June 9, 2008 at 10:08 pm
Stassa,
I see your point of view, but to deny that the medical field has any responsibility in this is ludicrous. When my sister wanted to get gastric bypass surgery, she had to deal with ‘gatekeepers’ of her own, who were much more stringent in their requirements than mine. She had to have several referring doctors, they all had to issue opinions regarding her mental state, her physical state, her fitness for the procedure. She had to take blood tests, urine tests, several other tests and batteries to ensure that she indeed understood the full implications of her decision, and that she could survive the procedure.
And that’s just with a procedure that much of American society believes is beneficial to the long-term health of an individual. Imagine how it would be even if you removed psychologists from this when most of American society (I don’t know what it’s like in Europe, since I haven’t lived there for about 17 years now) frowns on SRS.
The reason there are so many practices and procedures in the way is simply because one chooses to have a procedure doesn’t mean that doctors are removed from liability; they create standards of care to balance the needs of the patient versus the liability of the doctor. There are many people who are schizophrenic, have Munchausens or other problems where if SRS and hormones were on demand, then there would be lawsuits flying left and right. I wonder what would happen to the already-small number of surgeons who ARE willing to do SRS, under those conditions.
Generally, however, I have a personal policy about ‘gatekeepers’. If I find someone I’m paying good money to help me is obstructing me, I find someone else. It’s not exactly like there’s a shortage of therapists where I live. If I go to a doctor who refuses to take my letter and write a script for any non-medical reason, I’ll go find a doctor who will.
Asserting your right to recognition isn’t something one can assume; it’s something everyone (TS or not) has to actively pursue.
(By the way, I find your language use to be a continuation of the stigmatization of those who need mental health assistance. My mother has PTSD from multiple rapes while serving in the military; she’s not SICK, but PTSD is in the DSM. Needing help doesn’t make you a freak, it means you need help. Your composition reflects a perspective of ableist privilege. Please consider how you use language.)
June 13, 2008 at 3:04 pm
I certainly don’t think the doctors are not responsible for pathologising transsexuality! As about my “right to recognition”, I assume you mean my right to have my gender identity recognised. This is part of a fundamental human right, that of liberty of expression and development of the personality. It’s not something I have to claim or pursue- rather, something I must safeguard.

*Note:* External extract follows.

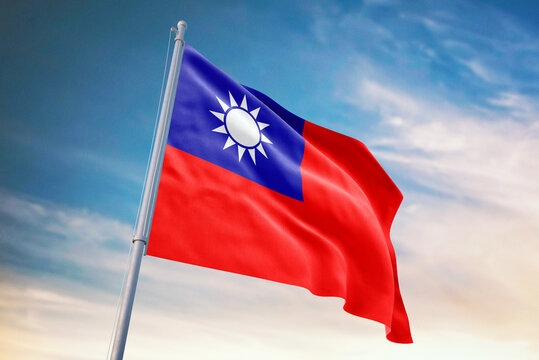 Waving flag of Taiwan in blue sky. Taiwan flag for independence day. The symbol of the state on wavy fabric.
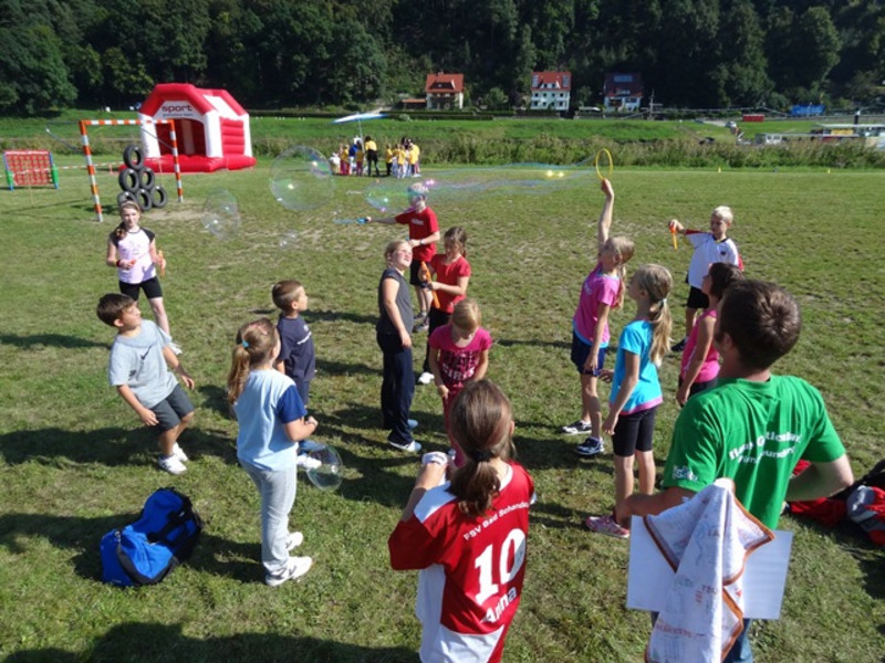 Im Rahmen der 750 Jahrfeier des Kurortes Rathen nahm unsere Schule am von der Lebenshilfe organisiertem integrativen Sportfest teil. Gemeinsam mit anderen Sportlern aus Kindergärten, Grundschulen und Fördereinrichtungen kämpften unsere Schüler der Klassen 3 und 4 an verschiedenen Stationen um einen guten Platz. Bei den lustigen Mannschaftswettkämpfen war vor allem Teamgeist und Fairness wichtig. Bei der Siegerehrung konnten sich alle Mannschaften über eine erfolgreiche Teilnahme und Würdigung ihrer Leistung mit schönen Preisen freuen.

That I and others in the same situation as me, because of our gender identity have to “jump through the hoops” and accept that our condition is termed a personality disorder in order to get proper medical care, is a crime, fair and square. The medical establishment is as guilty of it as we ourselves- of course, we’re the eternal victims who can only ever fight to be recognised as ill. But I’m certainly not leaving the doctors out of it.
Btw…
Are you even aware that you are using someone else’s language and speaking someone else’s words? If you really have an accusation to level at me, what’s more, if you really think that my post somehow disrespects your mother, whom I wouldn’t know was raped if you hadn’t told me, publicly, on the internet, if you have something, anything, to say, say it with your own words. The expression “ableist privilege” is not something I consider an accusation- it’s just political shiboleth and I don’t give a shit about it. Oh and, if you really cared that your mother was raped, you wouldn’t be bandying her PTSD around as an “argument” to shut me up. So, no, you consider your use of language.